YOUR OBJECTIVE: Look below for the lines from the one with "Miroslav Klose, también" to the one with "- Crisscross straps", and copy exactly those lines, both ends included.

THE RECORDS:
────────────────────────────────────────

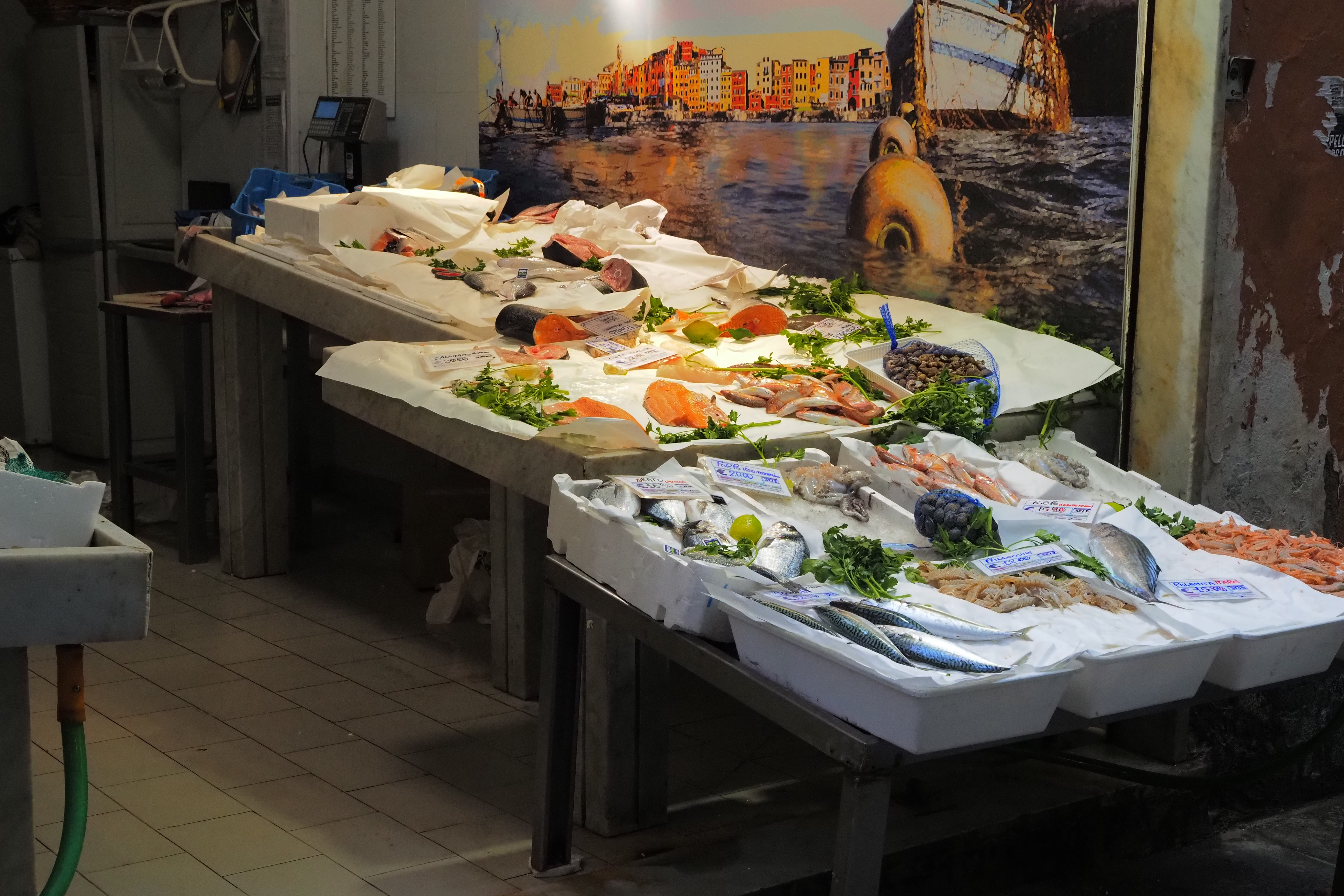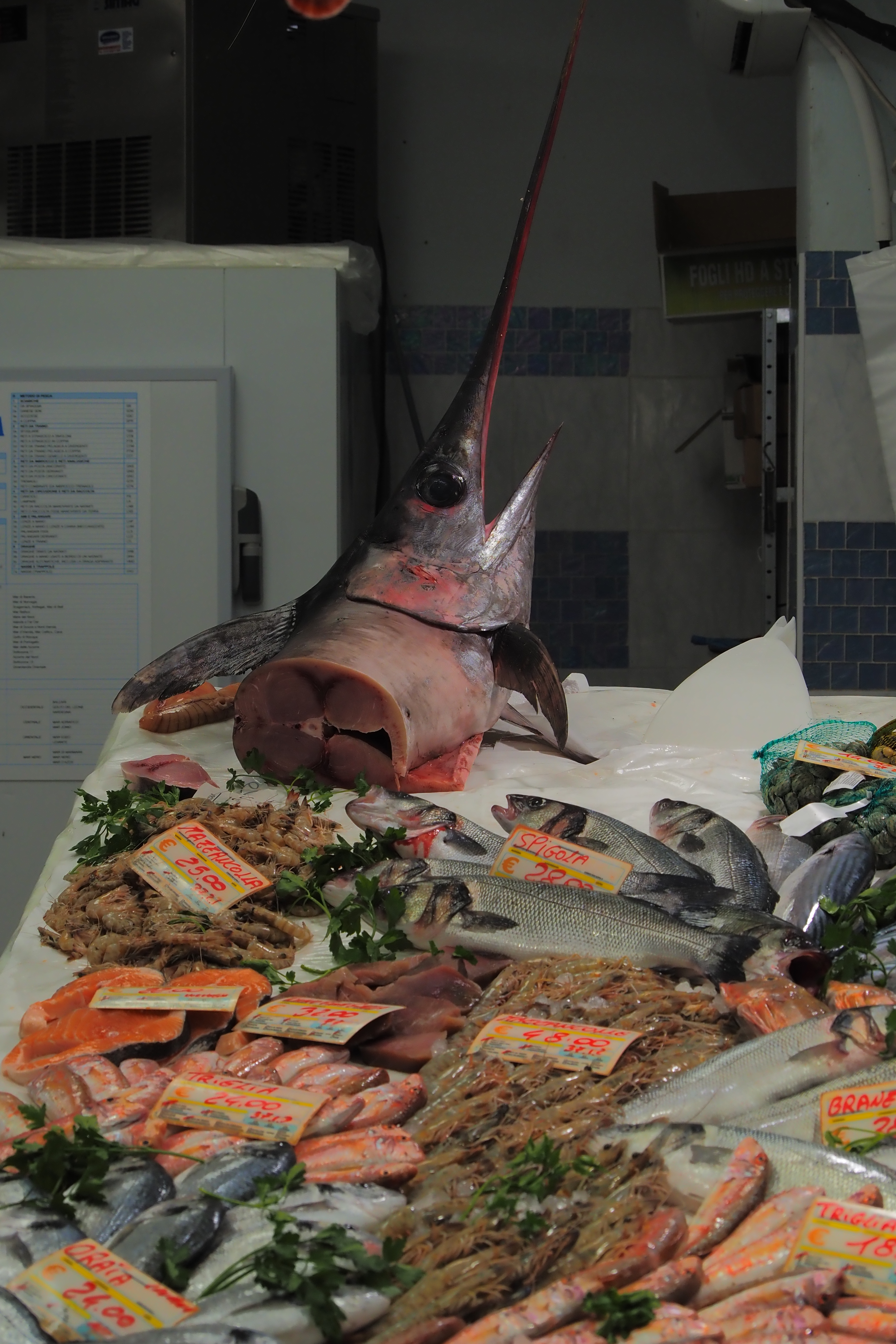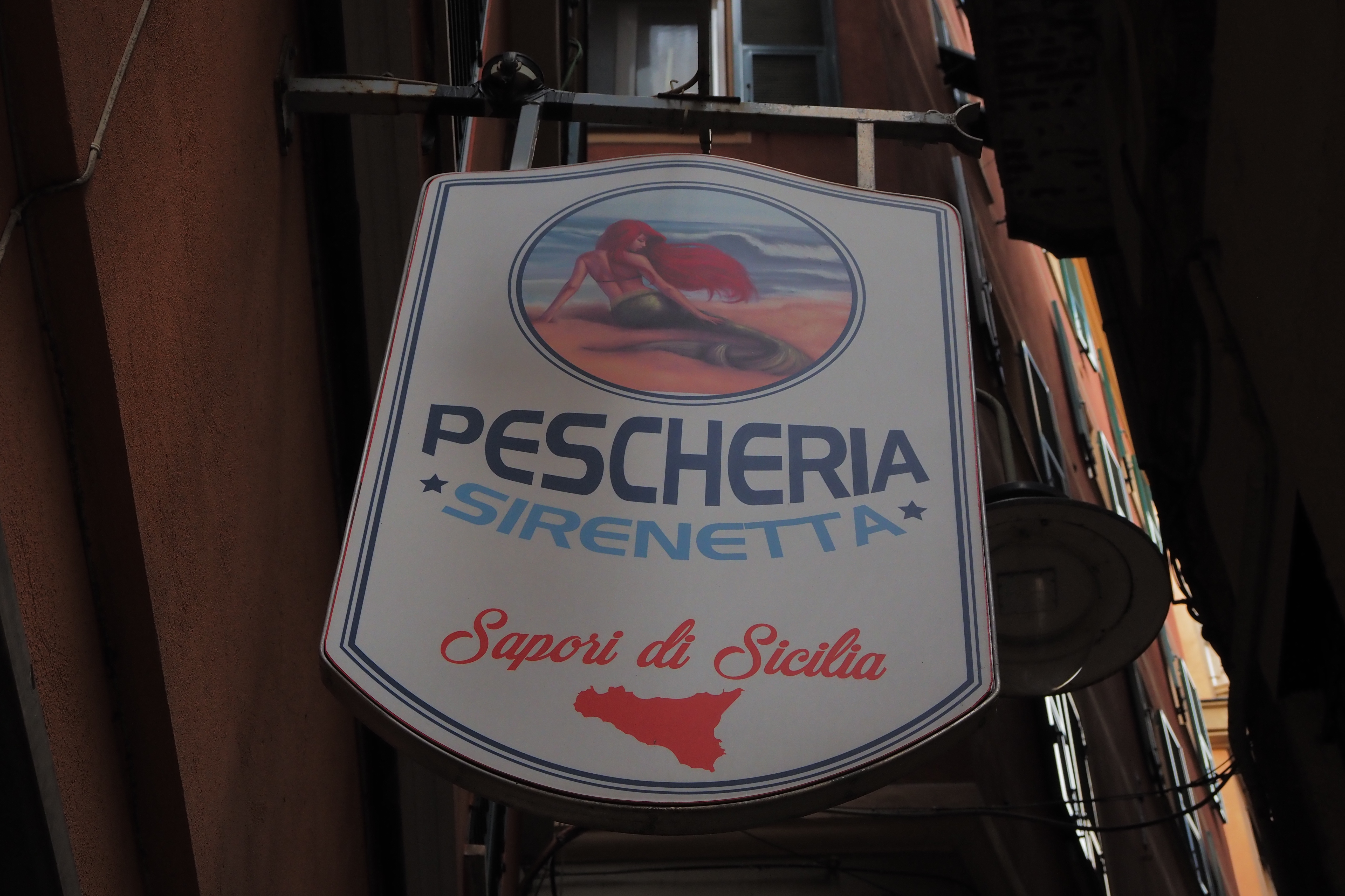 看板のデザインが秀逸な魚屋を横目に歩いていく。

────────────────────────────────────────

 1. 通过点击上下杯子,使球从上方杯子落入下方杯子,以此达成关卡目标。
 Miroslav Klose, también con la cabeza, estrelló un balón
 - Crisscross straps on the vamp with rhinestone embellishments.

────────────────────────────────────────

RESPONSE TO THE TASK:
 Miroslav Klose, también con la cabeza, estrelló un balón
 - Crisscross straps on the vamp with rhinestone embellishments.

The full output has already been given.